Association lacks support for chemical treatment of weeds


SALISBURY - The Lake Wononscopomuc Association has temporarily shelved its plans to treat the lake with herbicides this spring.

About 50 people attended an informational forum Saturday afternoon in Town Hall and, according to association President Bill Littauer, about two-thirds of the attendees spoke out against the use of chemicals in a small portion of the lake. Littauer said there was broad agreement among attendees and the Board of Selectmen that a more effective approach to controlling the invasive Eurasian milfoil is needed.

"The question is how to do it," Littauer said in an e-mail. "At the moment we don’t have sufficient community support for even a limited use of a fairly benign herbicide."

Association member Mary Silks gave a PowerPoint presentation and used visual aids to illustrate the difference between using the herbicide in high concentrations and the more diluted form that would be used in Lake Wononscopomuc.

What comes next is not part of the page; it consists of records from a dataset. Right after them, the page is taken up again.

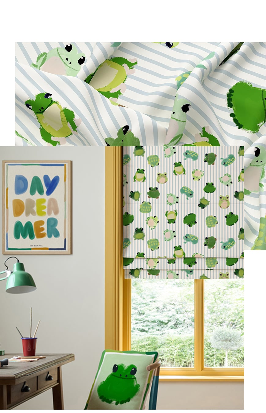Available as made to measure roller and Roman blinds, each design is created to feel magical yet beautifully considered - perfect for little dreamers and design-savvy grown ups alike. From charming frogs and ladybirds to love hearts and secret garden florals, these story-led prints are designed to grow with your child and complement the rest of your home.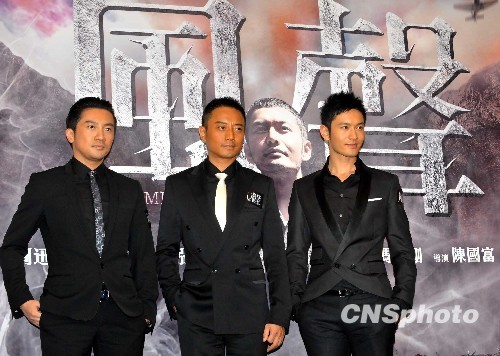 九月二十九日,中国首部谍战电影《风声》在香港举行发布会。《风声》三位顶级猛男帅哥演员苏有朋、张涵予及黄晓明(左起)出席为电影宣传,为电影在三十日公映造势。中新社发 邓庆乐 摄
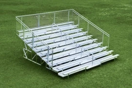 Durable, Light-weight, portable bleachers, with all aluminum construction. Standard features include; an aluminum angle understructure with an 8″ rise & a 24″ run, double 2×10 footboards, risers, 2×10 clear anodized seat planks, vertical aisle, and chainlink guardrail system. All Outdoor Aluminum Bleachers are designed in accordance with the IBC 2009, and ICC 300-2007 building codes.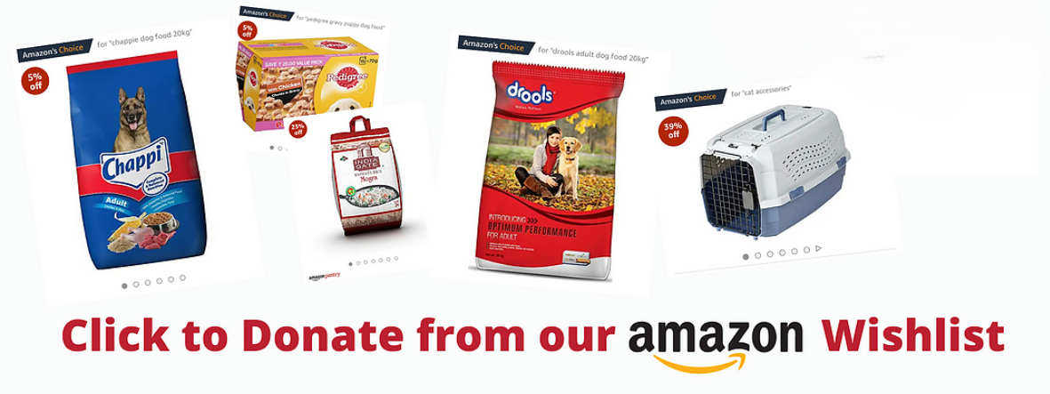 You can also donate food items for dogs and puppies under our care. Our monthly requirement is as follows: 200 kgs Rice, 100 kgs of Dog food, 60 litres Milk, dog biscuits, bread, eggs and dog treats. You can also donate beds, blankets, bed sheets or gunny bags for winters and fans for summers. We also require dog shampoos, soaps, collars, leashes, and bowls on a regular basis.

But many other attendees expressed concern about dangers posed by even limited use of Reward and Renovate — the two chemicals recommended by the association’s consultant at Aquatic Control Technologies.

As he did at an association meeting in October, Bruce Schearer raised questions about the use of the chemicals. Schearer could not be reached for further comment.

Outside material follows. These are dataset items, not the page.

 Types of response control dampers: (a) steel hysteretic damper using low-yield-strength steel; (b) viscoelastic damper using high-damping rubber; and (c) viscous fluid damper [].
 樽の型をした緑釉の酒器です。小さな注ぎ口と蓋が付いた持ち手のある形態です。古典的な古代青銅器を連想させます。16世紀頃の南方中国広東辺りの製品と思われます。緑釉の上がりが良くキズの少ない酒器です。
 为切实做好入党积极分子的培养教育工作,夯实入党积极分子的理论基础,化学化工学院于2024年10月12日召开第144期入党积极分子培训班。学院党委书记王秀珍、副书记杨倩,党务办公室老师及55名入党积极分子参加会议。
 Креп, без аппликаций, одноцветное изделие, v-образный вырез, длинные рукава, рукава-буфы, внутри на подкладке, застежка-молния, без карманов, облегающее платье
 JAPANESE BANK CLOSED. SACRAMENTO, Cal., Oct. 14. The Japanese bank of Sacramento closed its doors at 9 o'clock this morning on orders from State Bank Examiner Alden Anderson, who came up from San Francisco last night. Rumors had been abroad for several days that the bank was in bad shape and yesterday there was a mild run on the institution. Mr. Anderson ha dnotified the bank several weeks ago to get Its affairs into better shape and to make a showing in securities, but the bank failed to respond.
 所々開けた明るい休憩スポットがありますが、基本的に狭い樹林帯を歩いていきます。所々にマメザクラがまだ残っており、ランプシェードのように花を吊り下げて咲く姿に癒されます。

Also weighing in was Jim Morrill, a science teacher at The Hotchkiss School, who questioned whether using herbicides (instead of harvesting) would have any effect on the continued introduction of nutrients such as phosphorus that cause much of the lake’s weed growth.

In 1988, the lake association, with help from Hotchkiss, bought a marine harvester and donated it to the town of Salisbury. Each year since then, the town, Hotchkiss and the association have spent up to $30,000 per year to cut the milfoil during the growing season.

In an e-mail, association member Bob Blank praised Silks’ presentation as "excellent and thorough," but added that "anyone who was not convinced of the effectiveness and safety of the recommended herbicides probably never will be no matter what evidence is presented."

In addition to milfoil, Lake Wononscopomuc harbors some species of aquatic plants listed as rare or endangered that could also be harmed by herbicides. State Department of Environmental Protection regulations typically prohibit the harming of such plants by herbicides unless it issues an incidental taking permit, which can lengthen the permitting process.

Gerry Smith and Marc Bellaud of Aquatic Control Technologies plan to attend a professional conference soon in which they should be able to ascertain "whether we even have a shot at using a herbicide in view of the two listed plant species in our lake," Littauer said.

Then Littauer will pull together some data on alternative means of improving the removal of the dense beds of milfoil. An association board meeting will follow, most likely in February.

In an interview, First Selectman Curtis Rand said the Board of Selectmen would "like to take a harder look at the management of the lake — not only weeds but in other areas such as water quality." The town, he said, would like to help get some answers.

The nonprofit Lake Wononscopomuc Association was formed in 1988 to help the town maintain the lake. The association last floated the idea of chemical treatments in 2001, when an informational meeting on the subject drew an emotional crowd at the Salisbury Congregational Church and prompted association officials to drop the idea.